Currently, the Electronic Communications Privacy Act requires law enforcement authorities to get a search warrant before accessing
emails that are less than six months old, but not ones that are older. For those, law enforcement only needs a subpoena.
That's important because subpoenas are far easier to obtain than search
warrants. Officials typically can get subpoena by showing that an email account might contain information that's “relevant” to an investigation -- a relatively lax standard. But search
warrants can only be obtained if a judge thinks there's probable cause to believe that the material sought will yield evidence of a crime.

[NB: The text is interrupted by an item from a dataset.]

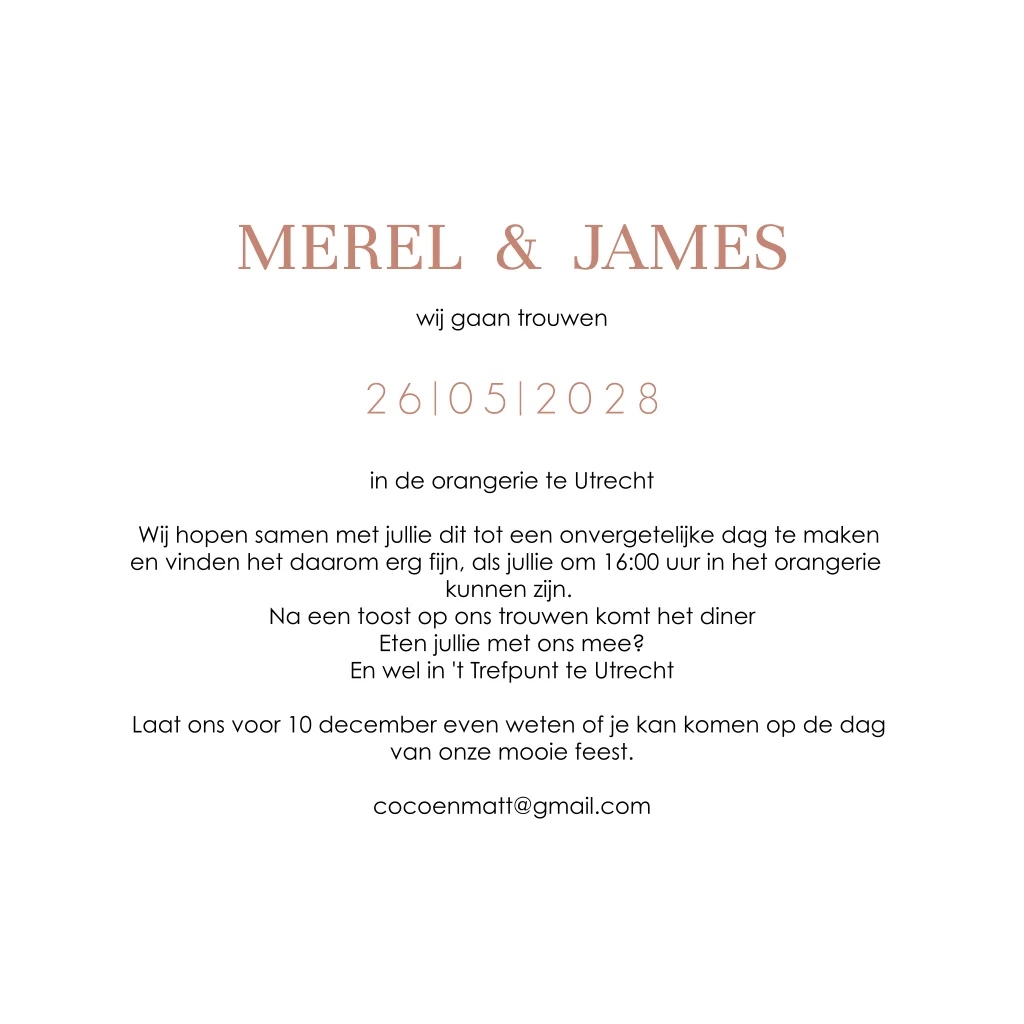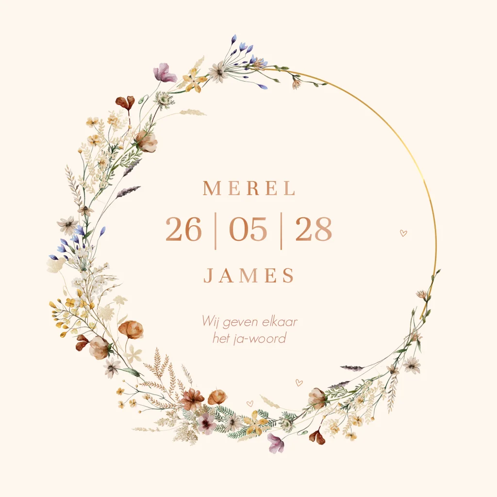 Trouwkaart met een krans van verschillende bloemen op beige achtergrond en mooie typografie. (30340) Op de voorkant de namen en datum in mooi glimmende hoogglans uv spot lak gedrukt.

Digital rights advocates, and Web companies that
offer cloud storage, including Google, have long pushed to revise the law. They say that differentiating between documents based on how long they've been stored doesn't make sense.
“ECPA
no longer reflects users’ reasonable expectations of privacy,” David Lieber, senior privacy policy counsel at Google, says in a blog post. “Congress should send a clear message about the limits of
government surveillance by enacting legislation that would create a bright-line, warrant-for-content standard.”
The trade group Direct Marketing Association agrees. The organization doesn't always see eye-to-eye with digital
rights organizations on privacy issues, but is allied with them on this issue. In fact, the DMA has made ECPA reform a priority, on the grounds that protecting emails from
government surveillance will help preserve what it calls the “data-driven economy.”
“The Yoder-Graves-Polis bill gives Congress the rare opportunity to guarantee the same
amount of privacy to electronic communications as those offline,” the DMA says in a blog post. The group is calling in the House leadership to move the bill forward.